* _Information provided_
###

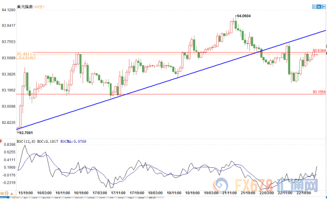 周二(5月22日),' 美元指数从五个月高位回落,交投于平盘附近,在' 美国国债收益率上升和中美贸易紧张关系缓解触发全面反弹之后失去动能。截止当前,美元指数报93.60,日内涨幅0.06%。
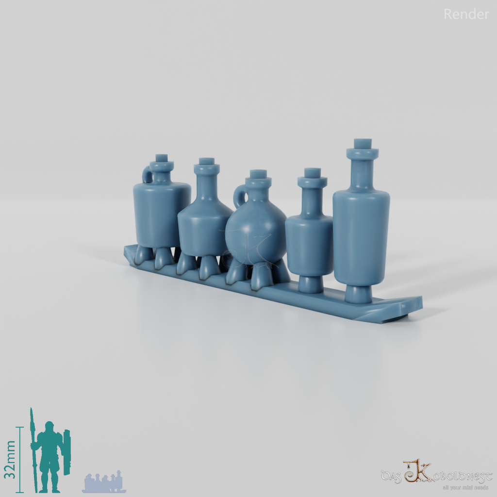 Fünf verschiedene verkorkte Flaschen Die Modelle werden in zusammenhängendem Rahmen geliefert und müssen beispielsweise mit einem Bastelmesser abgetrennt werden. Model by Pellinor1, licensed under CC BY 4.0
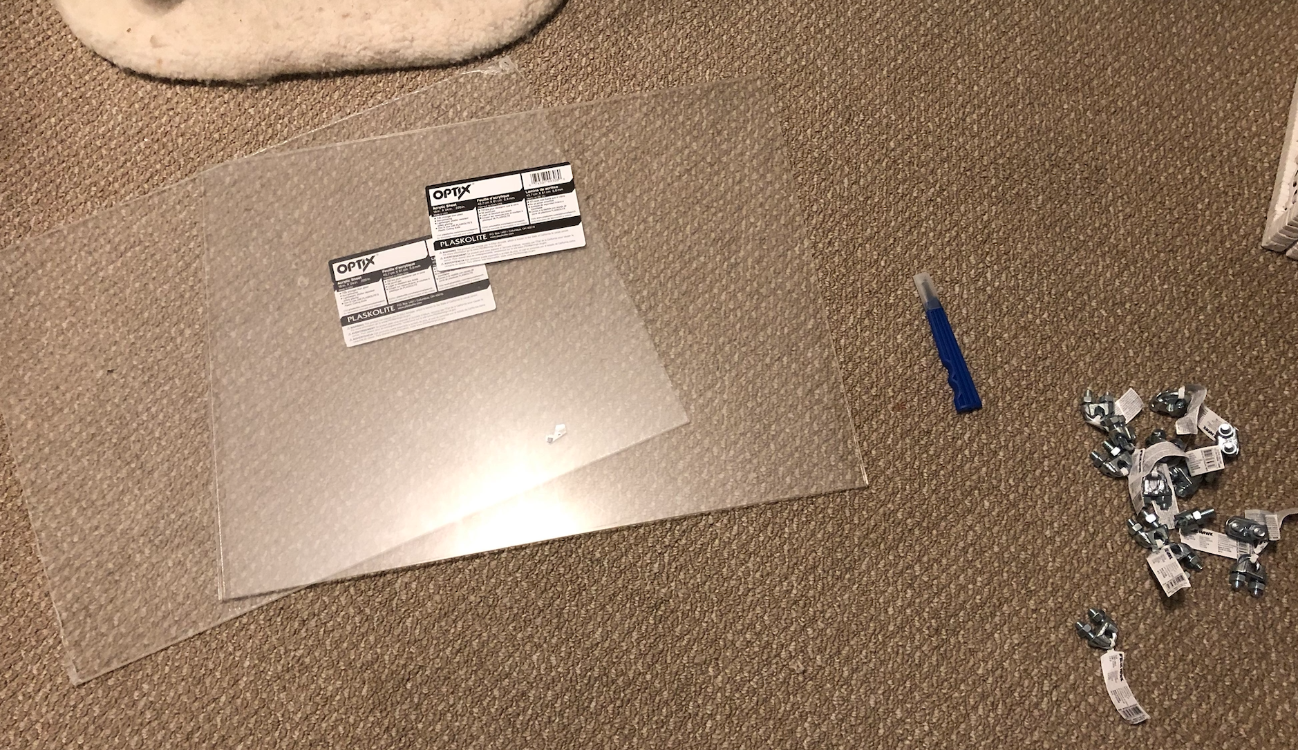 - For the shelves themselves, I got two of these. The size was dictated by the measurements of the Detolf, which was about 12"x14". A 24"x18" sheet yields two shelves with a bit leftover, but if they'd had 24"x36", or even 24"x30", I could have gotten 4 out of a single piece. As is, since I didn't want to stop at a second store or wait for shipping, I had to get two smaller pieces, but that's fine. So that covers the length and width. In terms of depth, I found .22 inch to be about right - anything thicker is just going to be more expensive and take more work to cut, and the next thickness down, .10 inch, was too floppy.
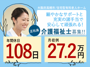 ≪高槻市/介護福祉士/正社員≫◆月収例27.2万円◇年間休日108日◇賞与あり◆住宅型老人ホームでのお仕事です☆(osa)

###

Your copy should hold only the lines from the line with "- For the shelves" through the end of the data above, both ends included, transcribed exactly and without pictures.

* _Output for this exercise_
 - For the shelves themselves, I got two of these. The size was dictated by the measurements of the Detolf, which was about 12"x14". A 24"x18" sheet yields two shelves with a bit leftover, but if they'd had 24"x36", or even 24"x30", I could have gotten 4 out of a single piece. As is, since I didn't want to stop at a second store or wait for shipping, I had to get two smaller pieces, but that's fine. So that covers the length and width. In terms of depth, I found .22 inch to be about right - anything thicker is just going to be more expensive and take more work to cut, and the next thickness down, .10 inch, was too floppy.
 ≪高槻市/介護福祉士/正社員≫◆月収例27.2万円◇年間休日108日◇賞与あり◆住宅型老人ホームでのお仕事です☆(osa)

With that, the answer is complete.